Simple idea on Irreducible Representation

Posted on February 27, 2011 by ciksalma

We present here a good example of an irreducible representations. Studying group representations can give information about the group itself. In particular if one had an irreducible representation of a group, one can simple generate all the groups element from it.

The spin-up and -down states of the hydrogen ground state form an irreducible representation of SU(2). The element of SU(2) is no other than the Pauli matrices. It can easily be proved that the Pauli matrices satisfy the following relation

\sigma_{i}\sigma_{j}=i\sigma_{k},

for

\sigma_{1}=\begin{pmatrix} 0&1\\ 1&0\end{pmatrix}, \qquad \sigma_{1}=\begin{pmatrix} 0&-i\\ i&0\end{pmatrix}, \qquad \sigma_{1}=\begin{pmatrix} 1&0\\ 0&-1\end{pmatrix}.

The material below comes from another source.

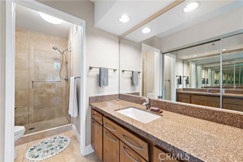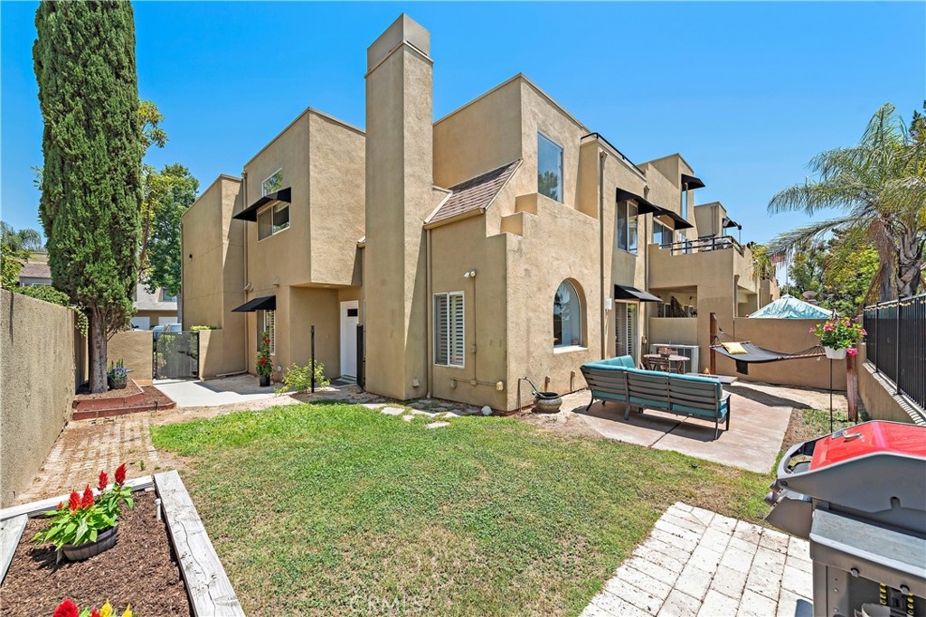 END-UNIT TOWNHOME with 3 bedrooms and 3 bathrooms located in the Rainbow Ridge community. This SPACIOUS, LIGHT, and BRIGHT home features an open concept floorplan. Enter into the inviting living room with soaring vaulted ceilings, updated flooring, and a cozy fireplace. The space seamlessly flows into the open-concept kitchen with granite counters, stainless steel appliances, a breakfast bar, and a dining area. Features throughout include recessed lighting, two-tone paint, large windows, and plantation shutters. A bedroom and full-sized bathroom are conveniently located on the first floor which is perfect for guests or for a home office. The second floor's primary bedroom features an en-suite bathroom with a step-in shower, a granite countertop vanity, and plenty of closet space. The secondary bedroom is generously sized and is adjacent to the full hall bathroom. Enjoy the sunsets and outdoor BBQs in the courtyard and wrap-around backyard. Amenities include two community pools, spas, a tot lot, and a walking path, and access to Lake Mission Viejo. No Mello-Roos. Don't miss out on this home!

In words, this shows that each of \sigma_{i}\in SU(2) can be rotated with all other \sigma_{j}\in SU(2) and transformed into all other elements of SU(2).

Mathematically, matrix representation is usually states as a group representation that has no nontrivial invariant subspaces. It means, for the element of the group, say V the subgroup W\in V can either be zero (i.e. trivial) or the group itself (W=0 and W=V). Note that, most of the textbook usually used the term nontrivial for W\neq 0 and W\neq V.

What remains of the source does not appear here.